The convoy reached Ambarchik Bay (Kolyma inlet) on 4 September. Ambarchik became the main "port of entry" for the prisoners of Kolyma for the next decade. A P Bochek, the leader of the expedition, cited the efforts of Litke as the main factor in the operation's success. However, the convoy ultimately failed to unload its cargo – 18 out of the 20 days in Ambarchik anchorage were stormy, so 5,980 of the 10,890 tonnes of cargo were left in the holds. Thus it was decided to relocate the transports to a safe winter anchorage in Chaunskaya Bay; however the short journey was plagued by increasingly heavier ice that damaged Litkes rudder on 26 September. Divers confirmed that the damage could be fixed only in a dry dock. Litke could now only sail accompanied by a tugboat.

Between 2–7 October, the crippled Litke was busy clearing a passage to Uritsky off Cape Shelagsky. Fearing that Litke itself would be trapped away from the convoy, Bochek and his staff ordered that it cease its efforts. Litke joined the main forces in Chaun Bay, preparing to stay there for the long Arctic winter. On 31 October, Litke was fully prepared for the winter; it still carried 500 tonnes of coal, with 150 allocated for heating at the anchorage. Its large luxurious saloons were used for propaganda and entertainment assemblies for the whole convoy. Meanwhile, the morale of its crew was plummeting. The ship surgeon and cook were relieved from duty for absenteeism.

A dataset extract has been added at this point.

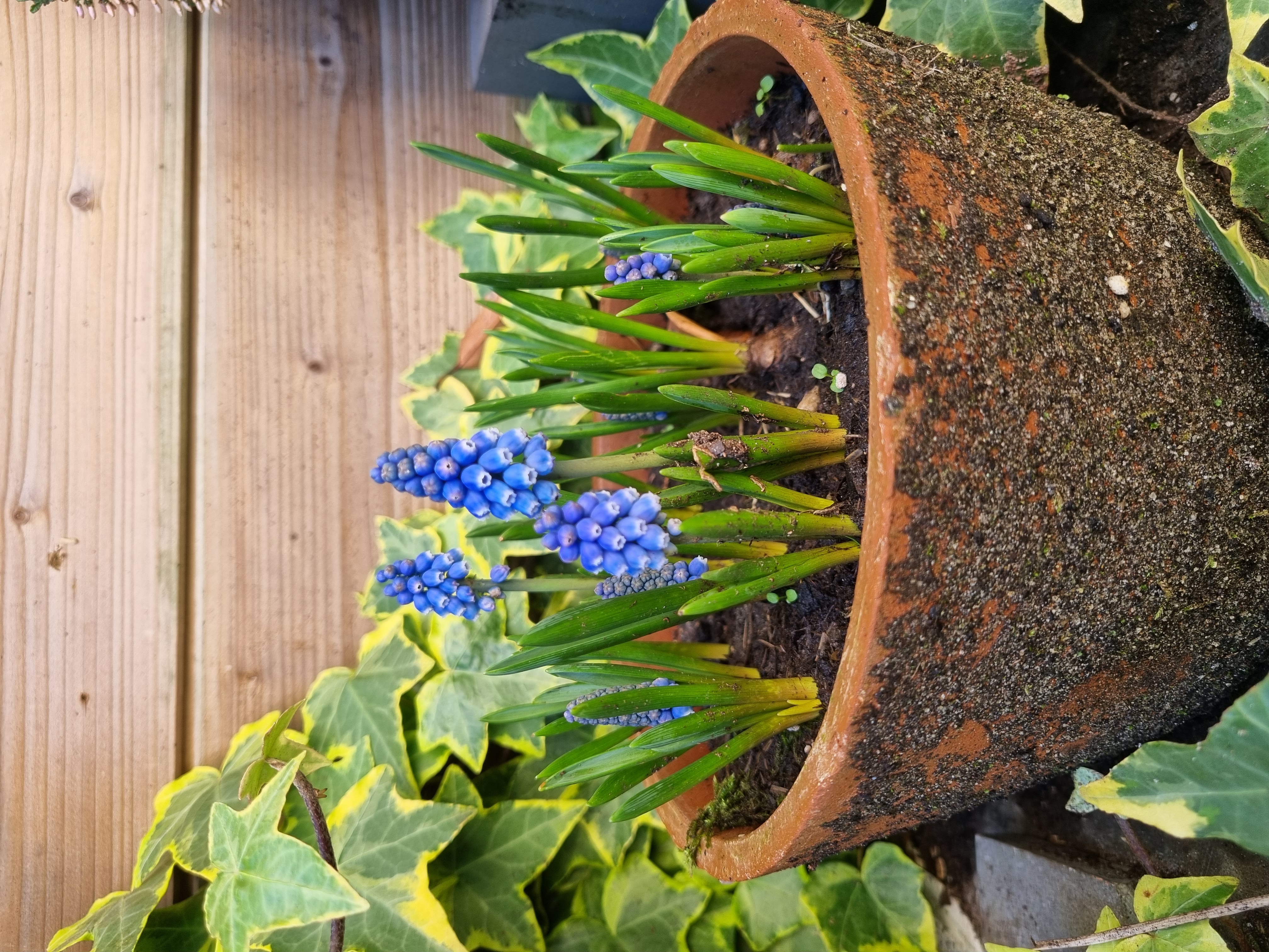 • De blauwe druifjes, 2 weken verder, steeds meer in bloei 🩷

==== 1933: Chelyuskin disaster====
After a winter in Chaun bay, Litke was declared seaworthy again on 20 June 1933. On 28 June, Litke assisted two transports, beached by a storm, and on 1 July sailed once more to attempt to release Uritsky from the ice. On this occasion Litke carried 450 tonnes of coal – enough to last for seven days in heavy ice. To save fuel, she moved in a start-stop manner, shutting down her boilers for days on end when ice density or fog forced her to idle. On 18 July Litke finally approached Uritsky and both ships safely reached Kolyma Inlet on 21 July. Meanwhile, the fleet in Chaun Bay finally unloaded their cargoes and on 16 August, Litke, along with Anadyr, sailed to Vladivostok, picking up other stranded ships on their way. The short run to the Bering Strait was a hazardous operation, and numerous ships again became trapped in the ice with fuel running low. As the coastal ice grew heavier, the convoy had to turn north, and reached Vankarem only on 13 September. Later in September, the convoy, in small isolated groups, was stuck in coastal ice east of Vankarem. Litke, the only icebreaker in the Chukotka area, managed to get them through, but sustained wear and damage from the ice was gradually reducing her capability.

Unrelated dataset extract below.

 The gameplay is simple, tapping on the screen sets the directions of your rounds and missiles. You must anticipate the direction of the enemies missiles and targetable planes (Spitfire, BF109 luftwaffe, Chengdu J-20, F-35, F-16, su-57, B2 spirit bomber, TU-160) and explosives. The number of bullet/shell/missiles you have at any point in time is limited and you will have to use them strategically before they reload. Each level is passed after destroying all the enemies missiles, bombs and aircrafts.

At the same time , attempting a single-season passage from Murmansk to Vladivostok, was stuck in ice in the same area, off Cape Koluchin. On 22 September, while attempting to clear a passage for three ships trapped in the ice, Litke again damaged its rudder and propeller, hardly escaping entrapment in the ice itself, and had to retreat to clear water in Provideniya bay. In the middle of October, Cheluskin was firmly trapped in solid pack ice and drifting westward through the Chukchi Sea. Litke, protecting a far larger convoy, had to complete her mission at the cost of leaving Cheluskin alone in the Arctic.

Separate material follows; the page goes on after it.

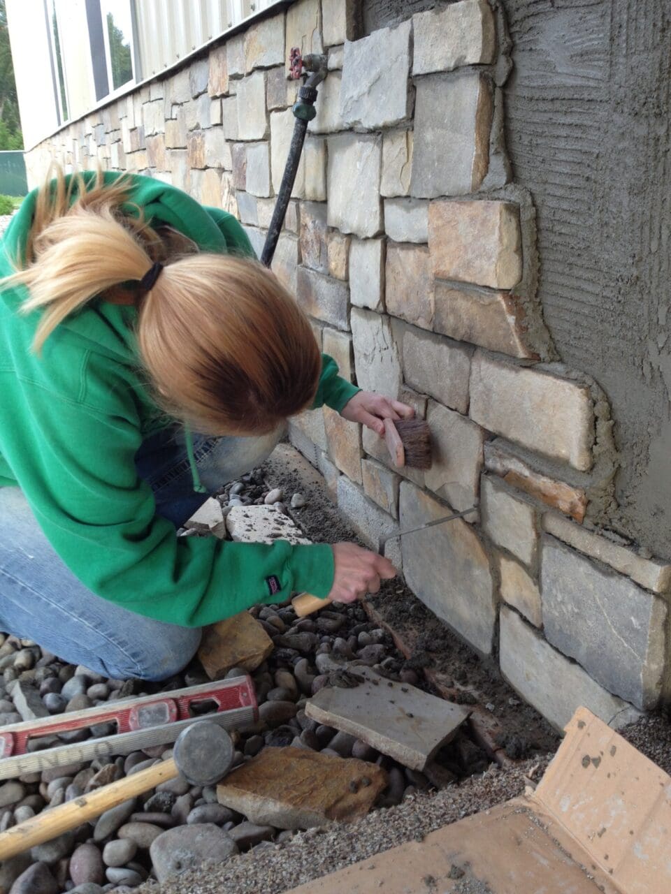 Grouting the joints: After the stone has been applied to the wall surface, use a grout bag to fill the joints with mortar, forcing grout into any voids. Any mortar that accidentally gets on the stone should be allowed to set until dry and crumbly, and then brushed off with a dry whisk broom.

On 10 October, Litke reached Cape Dezhnev in clear water, but the next day ice floes pushed it back, westward. Two transports, Schmidt and Sverdlovsk, were nearly crushed by the ice and had to be rescued at all costs. When Litke reached Cape Dezhnev again on 14 October, she suffered multiple hull cracks, a damaged rudder, lost propeller blades and most importantly, her right shaft was warped to the point that it rendered the right engine useless. At half power, Litke could not break through thick ice and had to retreat to Provideniya. On 26 October Sverdlovsk and Schmidt managed to break through and all three ships arrived in Providenya on 2 November. Meanwhile, Cheluskin, drifting in the pack ice off Cape Dezhnev, became the subject of a massive propaganda campaign and its rescue became a national emergency.

On 5 November, Litke, still crippled, offered help by radio. Otto Schmidt, aware of Litkes condition, at first declined the offer. Five days later, however, a desperate Schmidt himself radioed Litke for help, hoping that an icebreaker and explosive blasting could clear a passage through three-quarters of a mile of thick ice. Litke put to sea without a proper refit and in the next few days she was damaged to the point when the captain considered beaching her onto the Alaska coast to save his own crew. Schmidt let Litke abort her mission on 17 November, when the two ships were separated by 30 mi. Litke, assisting Smolensk and other transports south of Bering Strait, reached Petropavlovsk on 14 December, and after two weeks of makeshift repairs, finally sailed to Vladivostok for an overhaul, arriving there on 4 January 1934.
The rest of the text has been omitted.